All’Università, le prime lezioni di economia politica del Prof. Palomba mi disorientarono. Non riuscivo a trovare il nesso tra l’economia politica e il Libro dei mutamenti, il Taoismo, la Tradizione druidica, la Tradizione ebraica, ecc, ecc. Poi, il titolo del Testo “Morfologia economica” e le lezioni successive mi fecero capire l’importanza di tali argomenti per la comprensione della dottrina economica e della differenza tra economisti e tecnici di settori (come tra il generale ed il particolare). La morfologia economica è importante per costruire giudizi economici, come quella grammaticale è utile per costruire una frase. I comportamenti dei popoli e dei loro governanti sono influenzati dalle loro culture. La storia economica dimostra che anche le Religioni e le Filosofie hanno avuto e hanno un ruolo importante nell’orientare i comportamenti dei popoli e le relazioni internazionali.
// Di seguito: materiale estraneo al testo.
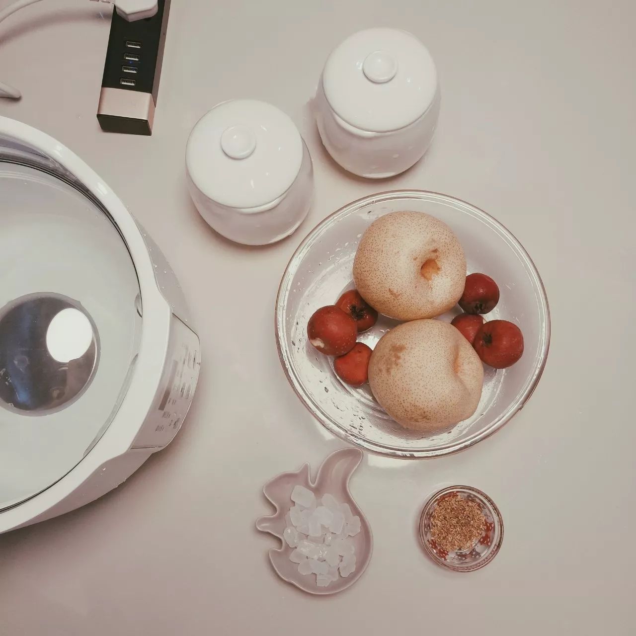 买回来我就迫不及待试验了“山楂雪梨糖水”,炖了1个小时。

L’esempio più illuminante è il seguente: per la Religione Cristiana e per quella mussulmana, il prestito era considerato peccato, mentre gli ebrei non avevano questo tipo di remora religiosa.Perciò, i primi banchieri erano ebrei, cosa che influenzò la formazione di un orientamento non positivo nei loro confronti, che dura a morire.
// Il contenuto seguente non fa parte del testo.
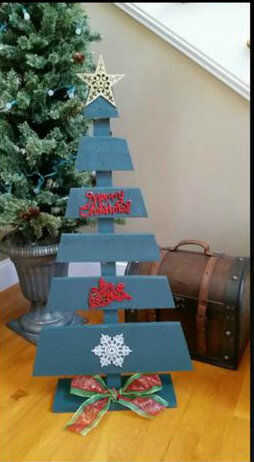 Este árbol de Navidad no tradicionales de una escalera de madera y tablones de madera de pino es la manera perfecta para decorar para las fiestas si, A) no tienes árboles reales en su apartamento, o, 2) usted o su ser querido es un gran fan de ferret

Personalmente, ho sempre pensato che la moneta, madre della finanza, sia uno strumento per misurare i fatti economici. Il politico deve proporre scelte tese a far migliorare le condizioni economiche, in sintonia con buone condizioni sociali. Infatti, nella prima Repubblica l’impegno della politica era, in primo luogo, teso sviluppare programmi per il miglioramento della società.

La vicende economiche dimostrano che, quando la finanza prevaleva sulla politica, prima o poi, arrivava un giovedì nero, come il 24 ottobre 1929 a Wall Street (Big Crash). In Italia, quando c’erano veri politici, si parlava di Programmazione economica, di diritti civili e sociali, dei problemi della famiglia, della Sanità Pubblica, dello Statuto dei Lavoratori, della presenza dello Stato nell’Economia, della Scuola funzionale all’inserimento dei giovani nella società, dell’Europa dei Popoli, ecc, ecc,. Da tangentopoli ai nostri giorni, un periodo più lungo del Ventennio fascista, stiamo assistendo a un processo, che ha portato l’attività bancaria, da settore a servizio dell’economia, a padrone e motore dei fatti economici. Negli ultimi anni, addirittura, l’attività bancaria sta cedendo il passo alle attività finanziarie e assicurative, che dominano la politica e impongono leggi e interpretazioni delle Leggi. C’è di più, la Finanza e le Assicurazioni, che hanno partecipazioni nelle Società, che gestiscono i servizi, suggeriscono provvedimenti, che fanno aumentare i servizi (POS, Bonifici, Pensioni integrative, ecc), i cui costi si abbattono sulle famiglie. Sarebbe interessante studiare gli effetti dei provvedimenti legislativi, decisi negli ultimi 20 anni, sulle Assicurazioni, diventate anche finanziarie. Non è senza significato il fatto che i colossi assicurativi hanno assorbito una miriade di società concretizzazione della tendenza ai monopoli. Conoscere la storia di UNIPOLSAI potrebbe servire a capire il servilismo delle Forze Politiche della seconda Repubblica, nei confronti dei poteri forti e la trasformazione dello spirito cooperativistico in spietato mercatismo.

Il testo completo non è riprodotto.